(Requirement):
Of the lines listed below, return exactly those that run from the line containing "Kế hoạch ôn" through the line containing "The IAS, (integrated", both included.

(Stored items from a collection):
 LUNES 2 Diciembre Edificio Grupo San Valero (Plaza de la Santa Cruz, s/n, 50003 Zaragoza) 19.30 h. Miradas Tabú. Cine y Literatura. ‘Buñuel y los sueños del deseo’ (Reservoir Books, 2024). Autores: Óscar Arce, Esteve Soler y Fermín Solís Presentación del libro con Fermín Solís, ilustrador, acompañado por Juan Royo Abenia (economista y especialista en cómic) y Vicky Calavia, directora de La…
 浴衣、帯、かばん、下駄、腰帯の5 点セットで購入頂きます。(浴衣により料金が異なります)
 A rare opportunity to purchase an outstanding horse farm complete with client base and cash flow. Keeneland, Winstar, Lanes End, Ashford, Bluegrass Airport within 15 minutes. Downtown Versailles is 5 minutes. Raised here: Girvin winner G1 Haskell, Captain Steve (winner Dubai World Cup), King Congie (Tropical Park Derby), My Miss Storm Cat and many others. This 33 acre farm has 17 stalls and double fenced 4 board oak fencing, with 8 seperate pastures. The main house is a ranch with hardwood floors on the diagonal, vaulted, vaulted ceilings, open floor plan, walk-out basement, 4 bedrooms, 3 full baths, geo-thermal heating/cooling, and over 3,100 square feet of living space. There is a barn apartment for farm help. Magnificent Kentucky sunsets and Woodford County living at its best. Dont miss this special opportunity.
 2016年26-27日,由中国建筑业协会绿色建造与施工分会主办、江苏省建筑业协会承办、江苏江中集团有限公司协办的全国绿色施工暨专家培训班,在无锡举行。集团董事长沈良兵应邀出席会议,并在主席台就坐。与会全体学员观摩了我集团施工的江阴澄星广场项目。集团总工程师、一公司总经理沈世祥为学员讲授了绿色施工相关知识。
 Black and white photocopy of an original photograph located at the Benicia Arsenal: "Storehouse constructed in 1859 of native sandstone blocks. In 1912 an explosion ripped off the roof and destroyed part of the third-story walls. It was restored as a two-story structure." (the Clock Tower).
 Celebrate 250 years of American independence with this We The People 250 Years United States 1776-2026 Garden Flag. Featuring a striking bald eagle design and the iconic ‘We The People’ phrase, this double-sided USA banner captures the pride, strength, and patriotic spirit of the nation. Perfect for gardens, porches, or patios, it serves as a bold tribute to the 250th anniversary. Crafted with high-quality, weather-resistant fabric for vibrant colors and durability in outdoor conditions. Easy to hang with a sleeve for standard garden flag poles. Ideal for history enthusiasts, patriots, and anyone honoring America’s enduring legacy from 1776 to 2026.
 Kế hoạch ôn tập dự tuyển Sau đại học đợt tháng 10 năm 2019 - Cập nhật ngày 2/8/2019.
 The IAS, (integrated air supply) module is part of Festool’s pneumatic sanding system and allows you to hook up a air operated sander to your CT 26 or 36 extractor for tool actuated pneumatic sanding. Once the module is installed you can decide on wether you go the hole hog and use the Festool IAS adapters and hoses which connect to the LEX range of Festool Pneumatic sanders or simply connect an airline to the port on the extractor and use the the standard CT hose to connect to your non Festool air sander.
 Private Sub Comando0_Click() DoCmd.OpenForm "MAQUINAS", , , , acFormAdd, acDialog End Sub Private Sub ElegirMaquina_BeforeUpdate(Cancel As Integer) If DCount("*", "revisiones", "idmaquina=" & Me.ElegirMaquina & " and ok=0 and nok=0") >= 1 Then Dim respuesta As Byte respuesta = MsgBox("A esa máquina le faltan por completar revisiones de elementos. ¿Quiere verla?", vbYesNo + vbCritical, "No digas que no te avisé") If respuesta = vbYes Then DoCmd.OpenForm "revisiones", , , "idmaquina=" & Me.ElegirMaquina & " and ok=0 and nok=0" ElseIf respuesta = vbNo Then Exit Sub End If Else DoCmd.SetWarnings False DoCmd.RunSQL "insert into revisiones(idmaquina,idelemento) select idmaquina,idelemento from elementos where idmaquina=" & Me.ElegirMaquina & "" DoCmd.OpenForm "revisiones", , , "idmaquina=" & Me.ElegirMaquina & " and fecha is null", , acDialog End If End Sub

(Exercise result):
 Kế hoạch ôn tập dự tuyển Sau đại học đợt tháng 10 năm 2019 - Cập nhật ngày 2/8/2019.
 The IAS, (integrated air supply) module is part of Festool’s pneumatic sanding system and allows you to hook up a air operated sander to your CT 26 or 36 extractor for tool actuated pneumatic sanding. Once the module is installed you can decide on wether you go the hole hog and use the Festool IAS adapters and hoses which connect to the LEX range of Festool Pneumatic sanders or simply connect an airline to the port on the extractor and use the the standard CT hose to connect to your non Festool air sander.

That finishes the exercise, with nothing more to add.